何かの為にあえてするのではなく、ただそうしたいからそうするだけ。本当の優しさは自由な心の中にある。
だから伝えたいんだ・・・心から君に“ありがとう”と。
それは君がくれた贈り物が俺に届いた証であり、真っ直ぐな言葉の力。
君がくれた贈り物は、すぐにきっと君の心にも返ってくる・・・俺の想いを乗せて何倍にも大きくなって。
素直になるのは勇気がいるれども、とても心地が良い。
分かって気になって狭くていた世界・・・自分の殻を壊せば、広くなった分だけ沢山の幸せで満たす事が出来るんだ。ならば心の窓を開けよう、新しい風を入れて。
「・・・ありがとう、日野」
「どうしたの、月森くん?」
じっと見つめたまま黙っていた俺がポツリと呟くと、日野は不思議そうに目を丸くしながら小首を傾げた。
いけない。想いを伝えようと先走って、これではあまりにも突然だったか。
今度は何がありがとうなのかと、きょとんと俺の言葉を待っている彼女に、瞳を緩めて微笑みを向けた。
「突然すまない。その・・・いい言葉だなと思ったんだ。君に対してありがとうと思ったり言葉にして伝えると、俺の心が温かくなるから」
「ありがとうって、温かいよね。きっと感謝の気持だけじゃなくて、優しさに気づくことが出来た自分へのご褒美なのかもしれない。私も月森くんの優しさを、もっと感じていきたいな。心を幸せでいっぱいにするの」
「こうして休日を一緒に過ごせるようになって、共有する時間が増えて・・・俺も嬉しい。幸せな気持になれるのは日野のお陰だ、ありがとう」
「月森くんだけじゃないよ。私からも・・・ありがとう」
ありがとうと交し合う言葉と同じように、自然に繋がった俺と君の手と手。
見詰め合う微笑んだ瞳と手の平から伝わる温かさが、どんな言葉よりも確かに君と繋がれた気がした。
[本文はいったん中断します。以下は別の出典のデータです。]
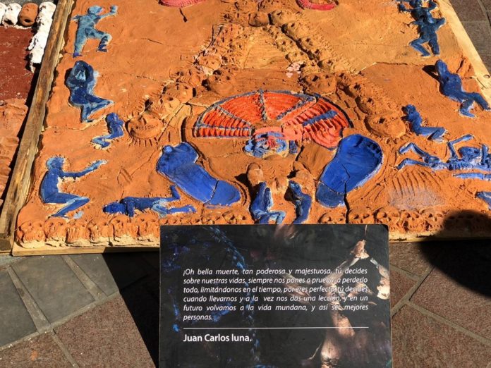 Indicó que los tapetes están conformadas por al rededor de 600 piezas de cerámica, que tienen un significado sobre la muerte.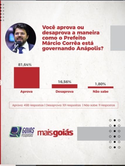 Para analistas, o desempenho de Márcio Corrêa reflete uma combinação de fatores, entre eles a visibilidade das ações administrativas, a capacidade de execução de projetos e a articulação política com o governo estadual. Em municípios de maior porte, onde a complexidade da gestão tende a ampliar críticas e pressões, índices superiores a 80% de aprovação são considerados incomuns. O levantamento reforça o protagonismo de Anápolis no cenário político regional e projeta o prefeito como um dos gestores mais bem avaliados do estado, em contraste com a disputa mais equilibrada observada em outras cidades goianas.

楽しい時間、君から貰った贈り物、温かい言葉、君の優しさ。
ありがとうと言いたいものはたくさんあるけれど、その一つ一つに感謝する事がきっと一番大切なんだと思う。
いつもさり気なく俺の為にしてくれる、一つ一つの事。
君に出会えた偶然やこうして側に一緒に居られる事・・・君の全てに対して“ありがとう”と思う。
だから何度でも言いたい、何度でも伝えたい。
ありがとうの他にもう一つ、心の中で思ったり口に出すと温かくなる、想いの言葉があるのを君は知っているだろうか? 君と出会ってから、俺の心の中に生まれた言葉なんだ。
君が、好きだよ。
今はまだ心の中だけだけれども、いつか君に伝えよう。俺の口で・・・確かな言葉で。
ありがとうという言葉と同じくらい自然に何度も、君に伝えられたらいい。
だが今は、全ての想いを今口に出来る言葉に乗せて、君に伝えよう・・・何度も何度も。
ありがとう---------。